Exercise goal:
For the data that follows, print the line with "PULSEIRA OLHO GREGO", the line with "Упражнения на развитие", and all lines between them, exactly as they stand. Omit pictures and add nothing.

(Provided entries begins)

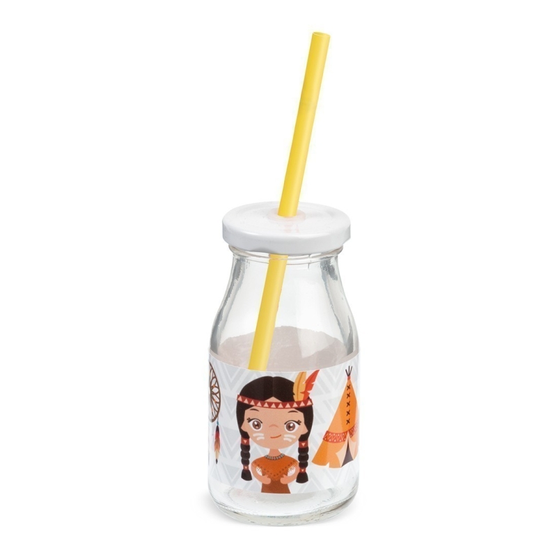 Γυάλινο μπουκάλι γάλακτος 200ml με λευκό μεταλλικό καπάκι. Συνοδεύεται από πολύχρωμα καλαμάκια. Είναι διακοσμημένο με αυτοκόλλητο print ινδιάνα.
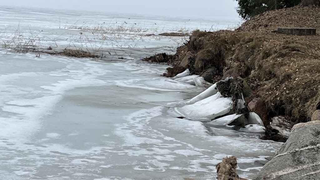 Tagad, kad sāksies pavasara atkusnis bez krasām temperatūras svārstībām, ledus kāpšana krastā vairs nenotiks. Taču, ledum sakustoties, radīsies vižņi. “Tad nu atkal būs jāraugās, no kuras puses iegriezīsies vējš un uz kuru krastu vižņus aiznesīs. To varam tikai minēt, kurā krastā postījumi būs no ledus sanesumiem. Tādēļ Būvvaldei jāaicina privāto zemju īpašnieki nebūvēt ezerā laipas uz pāļiem. Šim pasākumam nebūs jēgas krasas temperatūras maiņas laikapstākļos, kā arī tad, ja uz krastu vējš aizpūtīs ledus vižņus. Tie pāļus salauzīs. Laipas ieteicams būvēt uz pontoniem, lai ziemā tās var izvilkt kastā,” norāda M. Lietuvietis. Viņš atklāj, ka laipas uz pāļiem pašvaldība izbūvējusi tikai iekšezerā, jo valdošie parasti ir rietumu vēji, bet austrumu vēji, kas līdzi nes ledus gabalus, pavasarī iekšezerā neiepūš. Tomēr, krasi mainoties temperatūrai, arī uz šo laipu pāļiem neliela ledus ietekme ir.
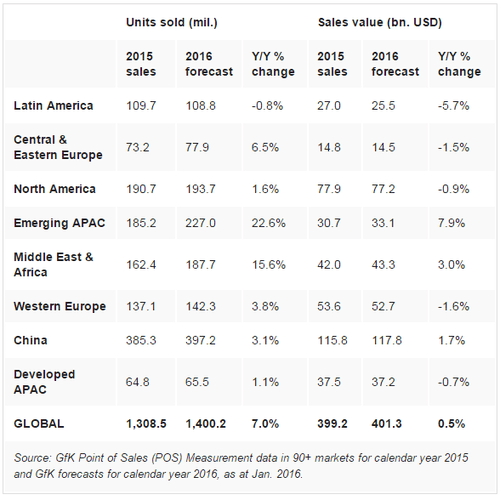 對(duì)于2016年,GfK公司預(yù)測(cè)智能手機(jī)發(fā)展的基本走勢(shì)將會(huì)繼續(xù)下去:廉價(jià)手機(jī)的銷量將會(huì)繼續(xù)增長(zhǎng)。全球智能手機(jī)的銷量將會(huì)從2015年的13.08億部增長(zhǎng)到2016年的14億部。但是,它的營(yíng)收將會(huì)基本持平,僅略微增長(zhǎng)0.5%,增長(zhǎng)到4013億美元。
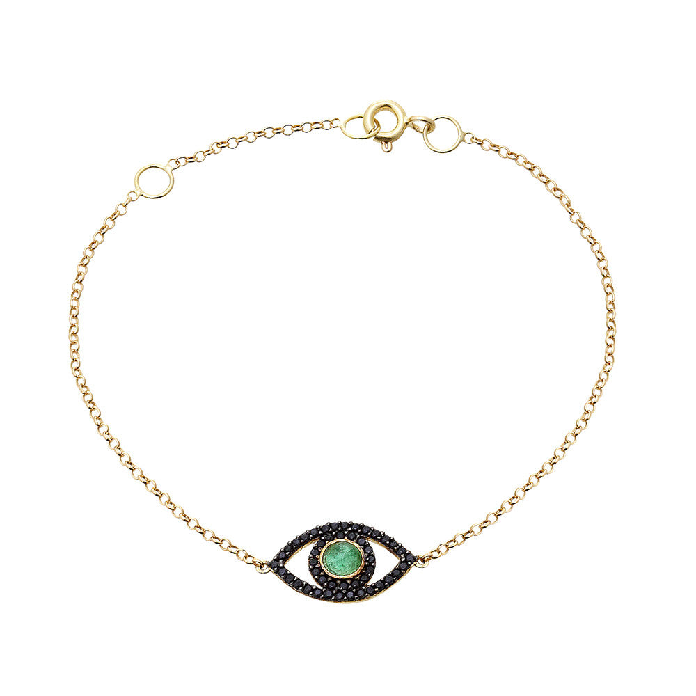 PULSEIRA OLHO GREGO OURO ESMERALDA COM SAFIRAS NEGRAS
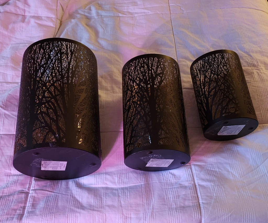 Selling a set of three metal candle/Pot holders (plastic insert) holders with a tree design. They come in graduated sizes and are in great condition. Perfect for adding a touch of nature to your home decor!
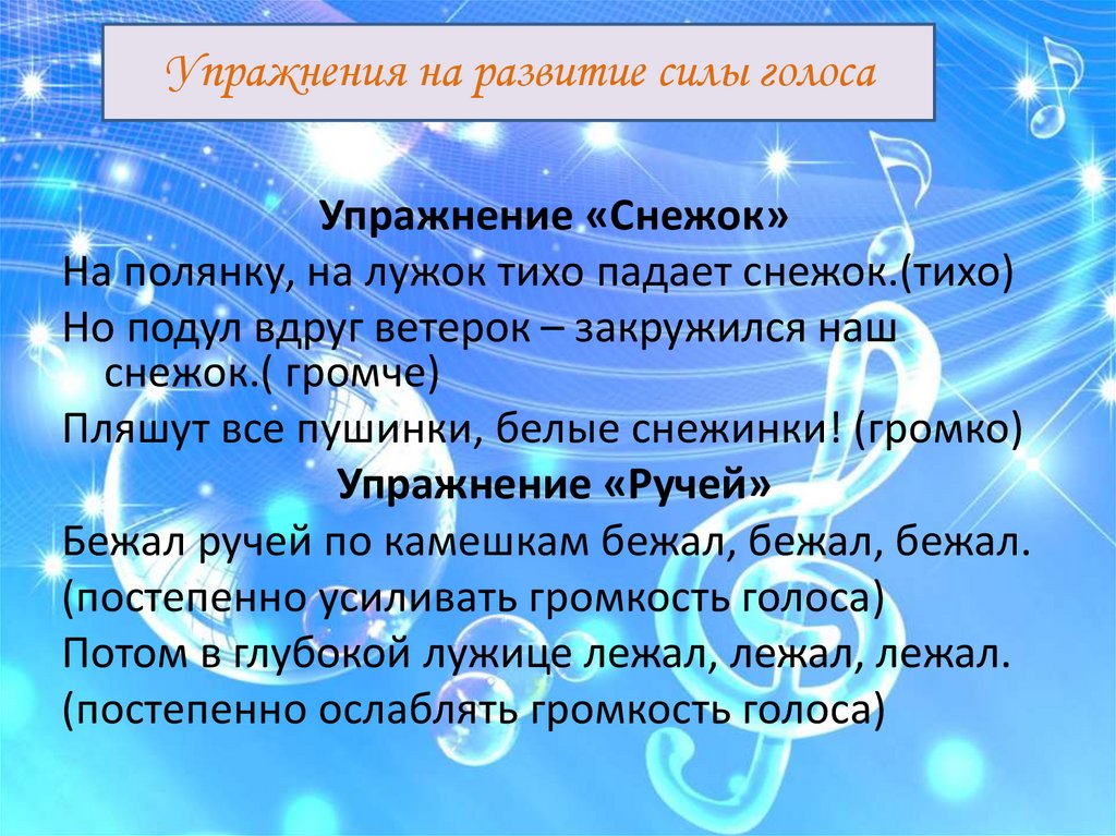 Упражнения на развитие силы голосаУпражнение «Снежок»
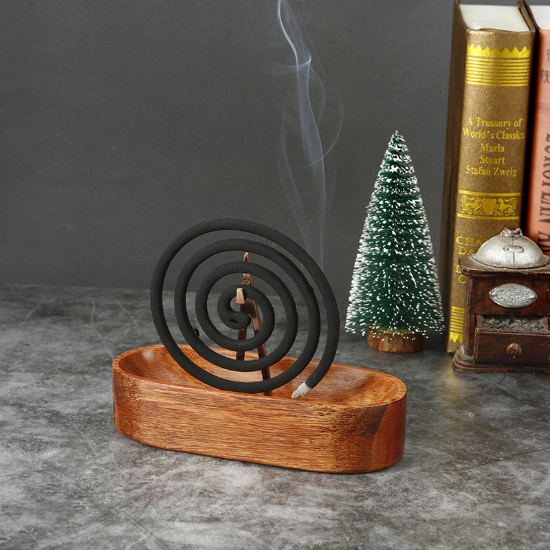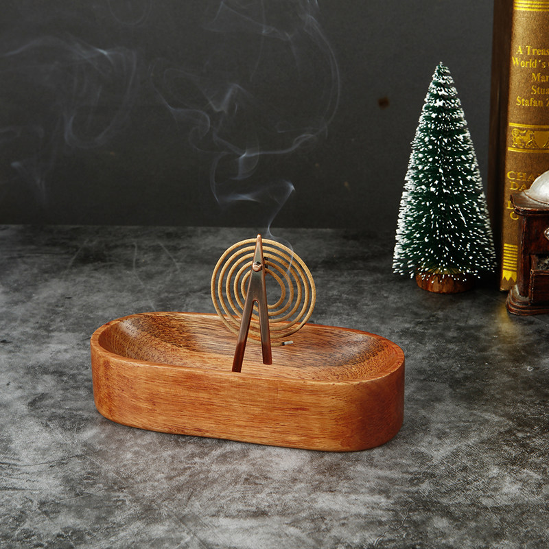 多功能日式实木船型香炉家用室内蚊香盘蚊香架盘香架香薰炉接灰盘
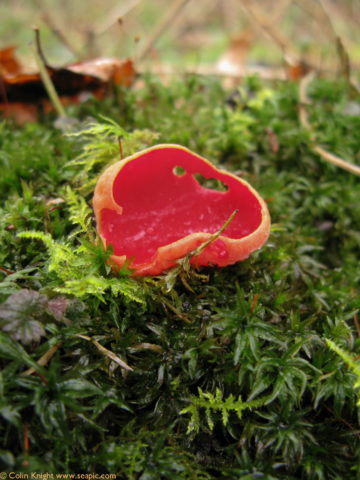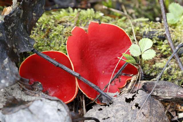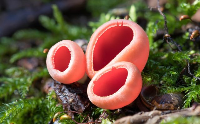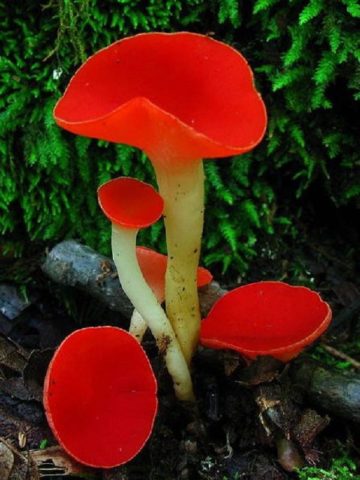 - Sarkoscif escarlata. Se puede distinguir por la forma de las vellosidades en el exterior del cuerpo fructífero, son más pequeñas, sin curvas. Los hongos no difieren en sabor, ambos tipos son comestibles. La formación de sus cuerpos fructíferos es simultánea: en primavera y otoño. El gemelo es termófilo, por lo que se encuentra en las regiones del sur.
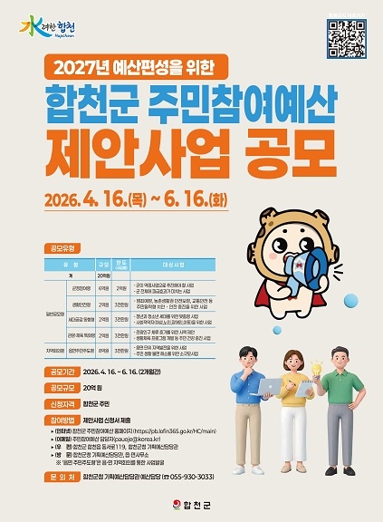 경남 합천군은 내년도 예산편성을 위한 주민참여예산 제안사업 공모를 오는 6월 16일까지 실시, 올해부터 공모 분야를 기존 1개 모델 3개 유형에서 3개 모델 5개 유형으로 확대 개편한다고 20일 밝혔다.
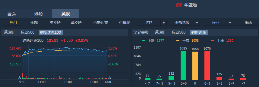 市场消化美联储加息决议,周四美股三大指数普涨,标指收涨0.28%,道指涨幅0.21%,纳指涨幅0.65%。
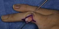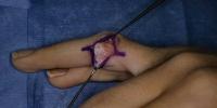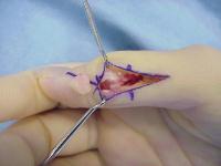 | This was treated with simple excision and collateral ligament repair to local tissues. |
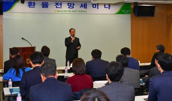 농협은행 외환·파생센터는 2006년부터 매년 수출입기업 임직원과 영업점 직원을 초청해 환율전망 세미나를 진행하고 있다. 이번 세미나에는 오석태 SG증권 이코노미스트가 강연자로 나와 올해 세계경제, 금융시장 및 주요통화 환율전망을 제공했다.
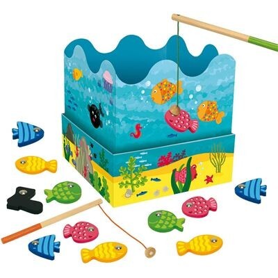 Mit der magnetischen Angel die Fische aus dem Teich zu holen, ist das Ziel und eigentlich ganz leicht. Doch hängt plötzlich der Stiefel am Angelhaken, müssen alle Fische wieder in den Teich zurückgeworfen werden. Die Angel und die Fische sind aus Holz, die Spi...
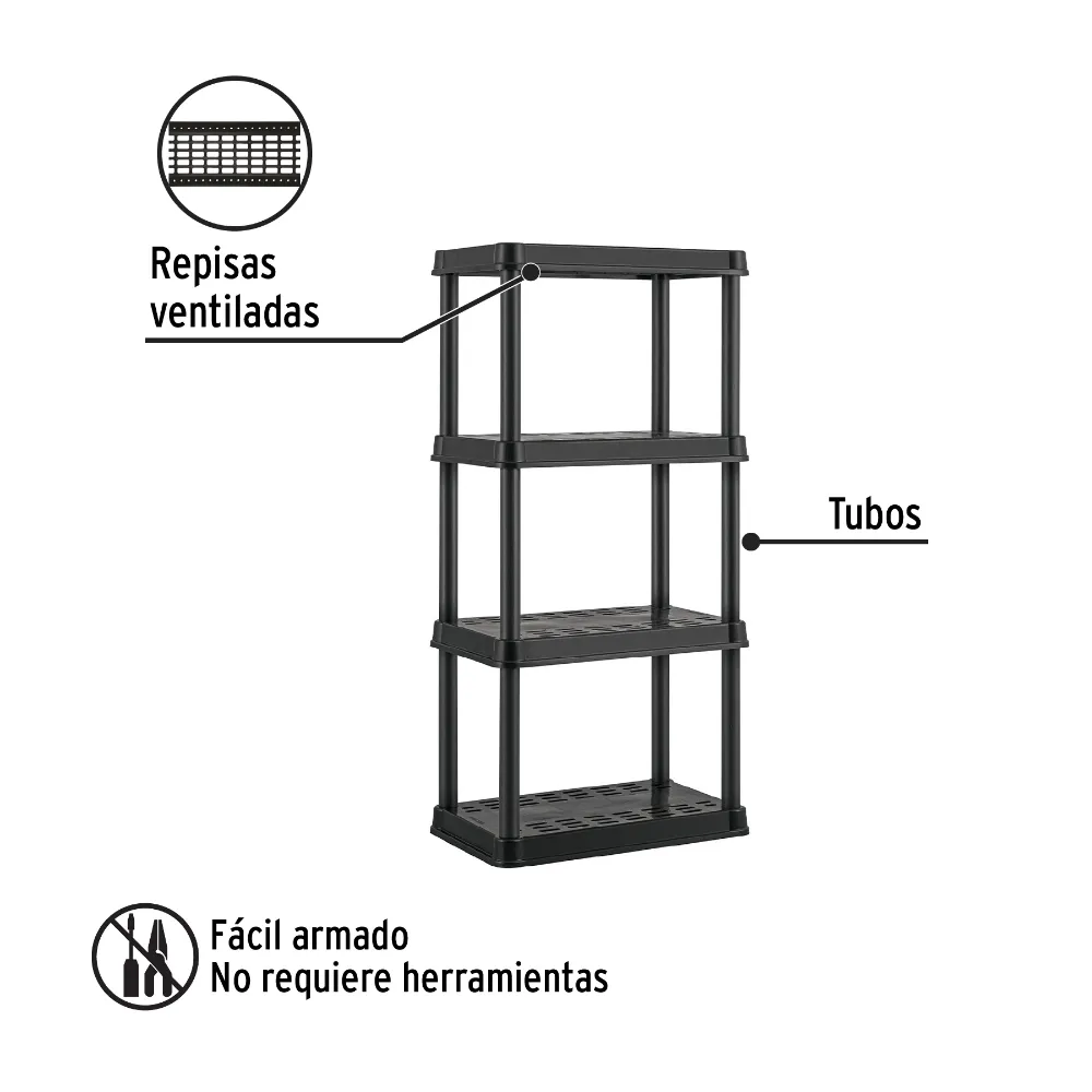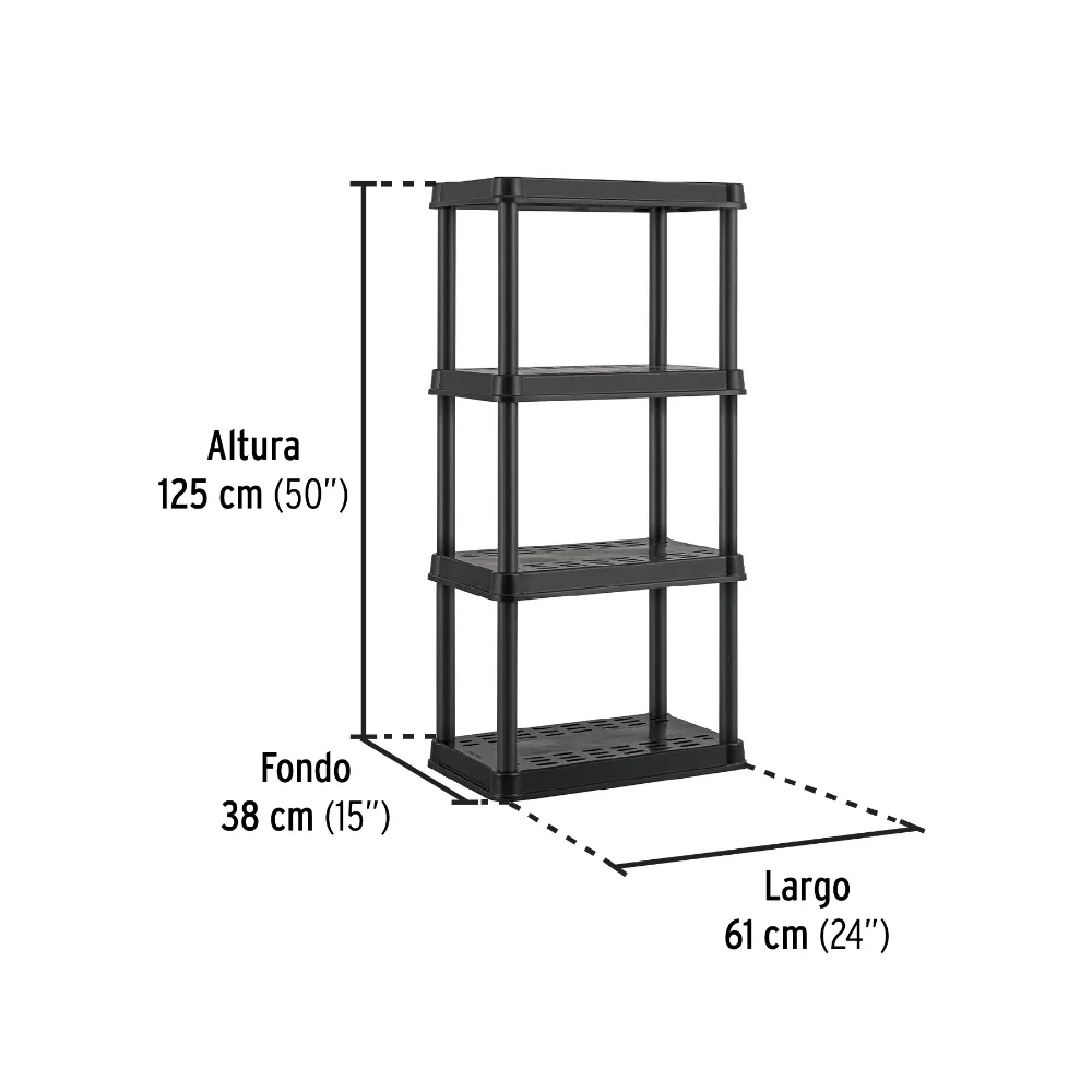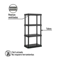 | Características | Fabricado en plástico, Repisas ventiladas para áreas en condiciones de humedad, Fácil instalación. No requiere herramientas para el ensamble, Ideal para organizar y exhibir artículos optimizando espacio |

(Provided entries ends)

Exercise result:
 PULSEIRA OLHO GREGO OURO ESMERALDA COM SAFIRAS NEGRAS
 Selling a set of three metal candle/Pot holders (plastic insert) holders with a tree design. They come in graduated sizes and are in great condition. Perfect for adding a touch of nature to your home decor!
 Упражнения на развитие силы голосаУпражнение «Снежок»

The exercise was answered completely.